Note: MediaNama is hosting a full day discussion on privacy, called The Future of User Data in India, on the 6th of September 2017. Apply to attend at http://www.bit.ly/namaprivacyapply. More details here.
The issue of privacy is being looked at from three different perspectives currently in India: Privacy as right, data protection and data security. All are issues contained in and related to the broader issue of Privacy, but with multiple processes running in parallel, with everything interlinked, we thought we would separate them out, for the sake of clarity, in the manner that we’ve understood things.
One of the reasons why we’re creating this delineation is because different branches of the government (and departments) departments are currently looking into different aspects: The judiciary (the Supreme Court) is looking at the right to privacy, while from a legislative perspective, there are two data protection bills in Parliament (from Jay Panda. Shashi Tharoor is apparently also working on a bill), MEITY has a committee, the TRAI has begun a consultation, and there’s a Parliamentary Standing Committee on data security.
Here’s the separation of issues:
1. Privacy as a right:
- Involves: your rights as a citizen, over your own data, which you generate.
- Process: a case in the Supreme Court, which looks at Privacy as a right.

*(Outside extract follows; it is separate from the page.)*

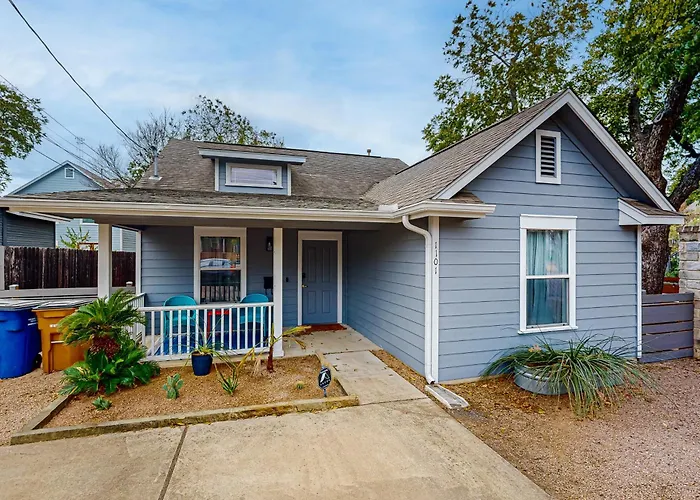 **East Austin Hideaway Villa is where contemporary comfort meets a touch of rustic charm in the heart of vibrant Austin.** Situated just a short 10-minute drive from the iconic Zilker Zephyr Miniature Railroad, this idyllic retreat serves as an ideal base for both exploration and relaxation. Nestled among lush greenery, the villa boasts unique design features that reflect the artistic spirit of East Austin.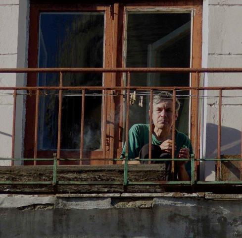 Он сидел на балконе и курил. Внизу проезжали автомобили и троллейбусы и куда-то спешили люди по своим воскресным делам. Мужчина никуда не спешил, потому что он у себя дома. И глядит на всех свысока. Может быть поэтому мне и захотелось его снять и показать всем вам.

- Why this matters: A distinction is being made between fundamental rights and legal rights here. Fundamental Rights cannot be removed by enacting a law, and empower citizens to challenge existing laws. Parliament cannot enact a law which violates a fundamental right. Your control over data access (data protection) and data security depend on whether you have a fundamental right to privacy; if the court decides that you don’t have a fundamental right to privacy, then your ability to control over data access and security will depend on what the government allows you via a law. The law will never empower you as much as a fundamental right will, and it won’t also take into account future developments.
- Jurisdiction: Ministry of Law and MEITY
2. Data Protection:
- Involves: control over data, and who has how much control, what kind of control, under what circumstances it can be shared, with whom, and how. This essentially covers permissions, and enabling authorised access to data, its transfer and collection. It’s focused on data at rest, and should probably be called “Data Access” instead of Data Protection.
- Process: A regulatory consultation from the TRAI, and a committee set up by the Ministry of Electronics and Information Technology (MEITY)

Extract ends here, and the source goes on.